A guide to growing and protecting your wealth.

retired couple cycling

Why invest in retirement?

People are living longer, healthier lives, and many retirees need a pension income to help provide the kind of lifestyle they want to enjoy for longer than they may have planned for.

In the past, retirement savings were traded for lifetime annuities or converted into safe, income-paying bond investments. 

 

But now, many retirees are relying less on state pensions and are supplementing their income in a variety of ways such as keeping a portion of their pension wealth in a range of different investments to support a long and active retirement and to help pay for unexpected costs or any healthcare support they may need in the future.

A senior couple enjoying summer vacation by the sea

Investing in retirement is different

Investing as a pensioner is different to investing as a person who is still saving for life after work.

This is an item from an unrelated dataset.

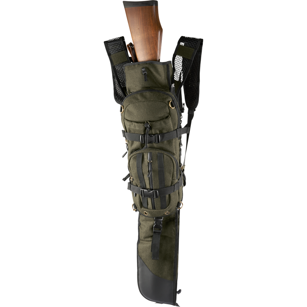 Poręczny i fukcjonalny plecak myśliwski z dołączonym uchwytem na broń. Gdy uchwyt jest niepotrzebny, można go odpiąć. Plecak jest zaprojektowany specjalnie dla miłośników łowiectwa, dlatego jest cichy, wyposażony w przeciwdeszczowy pokrowiec, ma mnóstwo troków i kieszeni.

In retirement, the focus is usually on protecting capital, as well as helping it to grow while receiving an income that is aligned with the retirees needs. 

Investing through your retirement can play a valuable role in boosting your pension income.  

senior woman checking her laptop

Before making any investment decisions you might want to ask yourself: 

  • Which parts of your pension income could you invest?
  • What level of risk are you comfortable with?
  • What is best to invest in as a retiree? 

 

If you feel new to investing, rest assured that learning the basics at any age will support better financial decisions and give you more control over your future.

Step 1 - Decide on your priorities

As your retirement progresses, you will have changing needs and priorities. Your investment plan should reflect both today’s needs and your expectations for the future.  You should also consider keeping a cash buffer of 3-6 months expenses for life’s unexpected surprises. 

 

Your priorities might include:

  • Meeting everyday living costs
  • Travel and lifestyle changes
  • Planning future healthcare or assisted living costs
  • Supporting your family
  • Covering unexpected expenses such as house and car maintenance, or dental repairs. 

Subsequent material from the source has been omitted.